Oh, and to do my best to make sure I still have a job when the dust settles, because it’s going to get rough out there.

I would never tell my wife to stop whining, but she has had to remind me multiple times that I’ve been working too much and need breaks - and family time.


----------



## Adelais (Oct 23, 2013)

Female here. I agree with all the things the males have said. I would also like to add that your feelings are valid. His telling you to not whine is disrespectful, unless you are actually whining, not just telling him how you feel.

I imagine you felt the same way before the corona virus hit, and you are feeling more lonely because he is away from the home more.

I'd say that you need to keep reminding yourself, several times a day that this time (corona virus pressures) is unique and won't last forever. It is very difficult on you and your husband, in different ways.

After things get back to normal in the world, if he continues to work too many hours, then you need to tell him again how you feel again. If he is a workaholic, you may need to establish some boundaries for yourself and him. 

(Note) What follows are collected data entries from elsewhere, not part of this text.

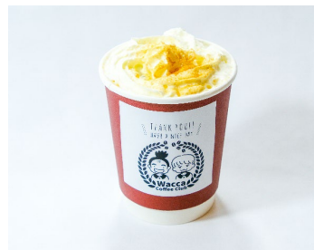
黒糖ウィンナーコーヒー/600円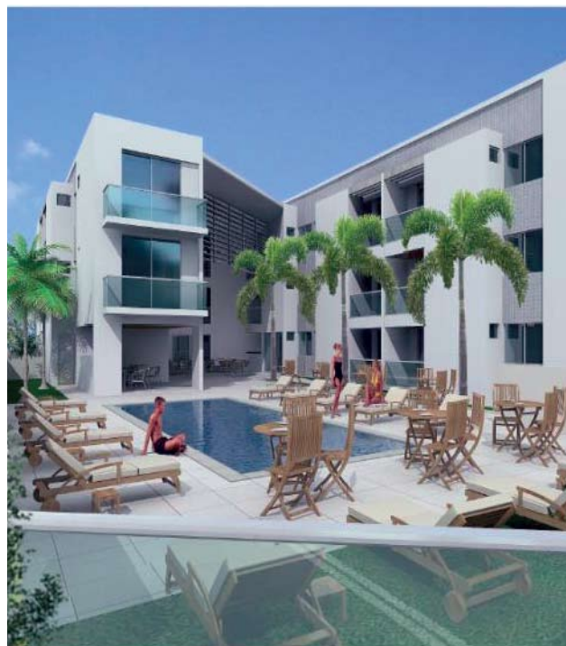
COLÔNIA do Guarujá - projeto da Fachada

Na área de lazer o projeto inclui 2 piscinas (adulto e infantil), sauna, área de jogos com sinuca e mesas de carteadado, churrasqueira e sala de TV. Cada apartamento poderá ocupar uma vaga de garagem.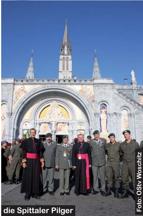
die Spittaler Pilger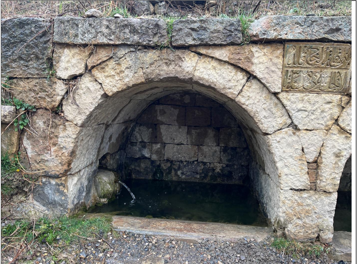
Фото 5. Северный цилиндрический свод источника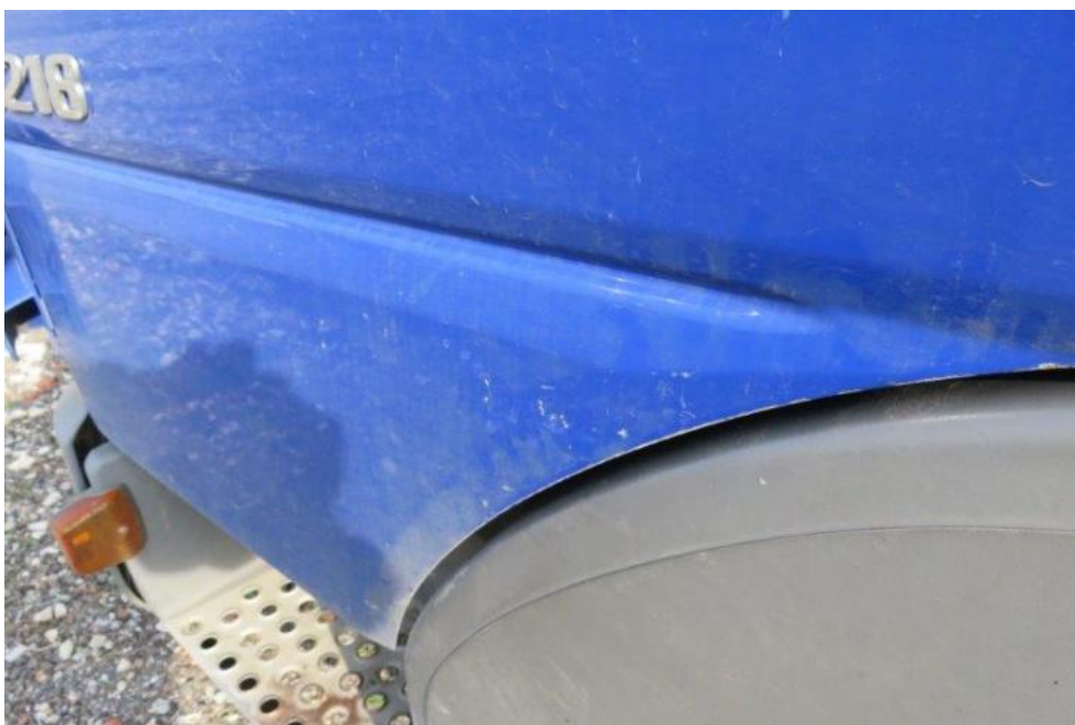
Fot. 38. drzwi lewe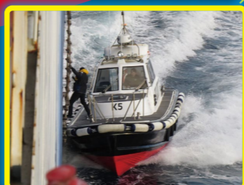
パイロットラダー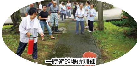
一時避難場所訓練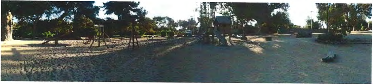
Foto N°1: Se observa la existencia de los siguientes juegos infantiles en la Plaza chachagua: Casa Tobi, 2 columpios y 2 balancines.

Fotos N°s 2, 3 y 4: Inexistencia de "Luminaria Mistral" -4 unidades- en obra "Reparación e Iluminación Pasarela El Blanquillo y Área Colindante. Solo se observan la 9 "Luminarias Urban". La obra incluyó el mejoramiento del puente, cierre perimetral y veredas.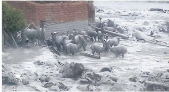
Los animales que lograron sobrevivir. La gente lo auxilió de inmediato

En la jornada se registrarán lluvias de moderadas a fuertes en Santa Cruz.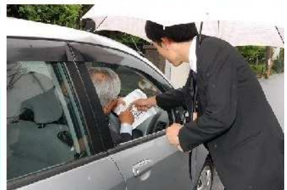
甘木親教会はじめ、各方面から参拝者が到着される祭典前の受付周辺

ご祭典前日から、関係教会、隣接教会の先生方がお手伝いに来られてお供え物などの御用に当たられ、加治木教会信奉者は、「お届・受付部」「広前・参拝部」「接伴部」「調理部」などに分かれて御用を分担し、準備が進められました。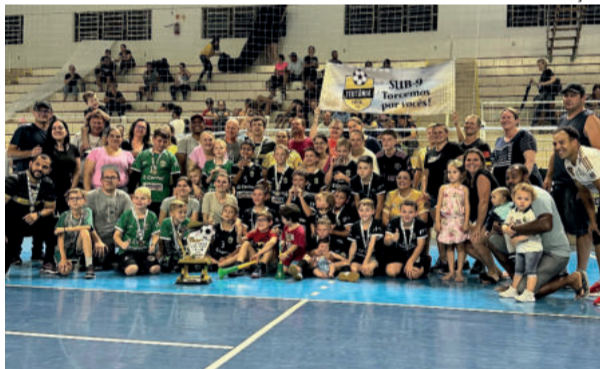
Elenco, comissão técnica e pais comemoraram a conquista em casa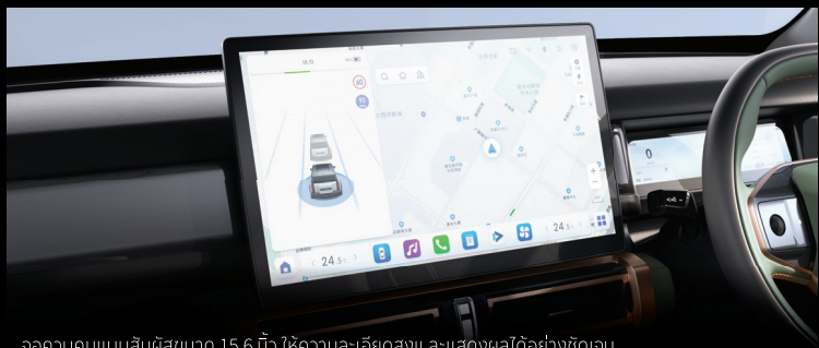
จอควบคุมแบบสัมผัสขนาด 15.6 นิ้ว ให้ความละเอียดสูง และแสดงผลได้อย่างชัดเจน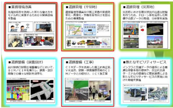
東京国道DXの取り組み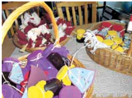
Kopējā darba rezultāts, Ulbrokas bibliotēka 2010. gada 9., 16. decembris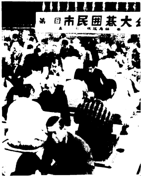
会場いっばいに静かな戦いを展開

第11回市民囲碁大会(日本棋院鳥栖支部主催)は、4月25日中央公民館で行われ、A組(有段者)で宿町チーム、B組(1～4級)でP L鳥栖チーム、C組(5～8級)とD組(9～12級)でエタニットパイプチームがそれぞれ優勝しました。おめでとうございます。 この大会には、市内の事業所や地域の囲碁愛好グループなど40チームが参加。静かな熱戦を会場いっばいに展開しました。こうした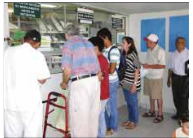
Los derechohabientes solicitan el servicio de las enfermeras.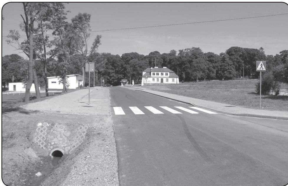
Droga Opinogóra – Pałuki w Opinogórze

You will also need to seriously evaluate if he absolutely must work so many hours to just make ends meet. If that is the case, can the two of you give up some things so he can work less hours? For example move to a less expensive home, buy fewer clothes, eat out less, drop magazine subscriptions, drop a club membership, make a budget and stick to it, cut out other luxuries, etc. If he is on the same page, your marriage and family life can greatly improve, just by him being physically present, more than your (plural) ability to have nice things and do fun things.

I'm speaking from experience here. My husband has always chosen to work more hours because he has a fear of being a deadbeat like his dad was. In addition, he doesn't like conflict or the work of homelife, although he won't admit it. He provides very nicely for us, but we have missed his presence. Several children are grown up and we don't live with them anymore. They come over to visit here and there. He is finally realizing what I meant when I told him that he is missing out on their lives, that we don't need as much money, we need HIM. Our marriage has suffered, for many reasons. He had an affair because he moved away for a "dream job" and being distanced from his family, he forgot that he worked so hard "for us." He ended his affair, his dream job up and left town, requiring him to live several states away for weeks at a time if he wanted to continue to be employed by them. Now he works for a local company, but again, with a job that requires him to be gone 5 days a week. The children and I have trained ourselves to not think about him or miss him, because it was tearing us apart. I was told by a counselor that his leaving all the time was harder on us because it is so frequent. At least people in the military stay gone for long periods so the family can adapt. But my husband leaves and comes back, putting us on an emotional roller coaster. Our oldest daughter told me several years ago, "I don't have a father" because he was physically gone so much.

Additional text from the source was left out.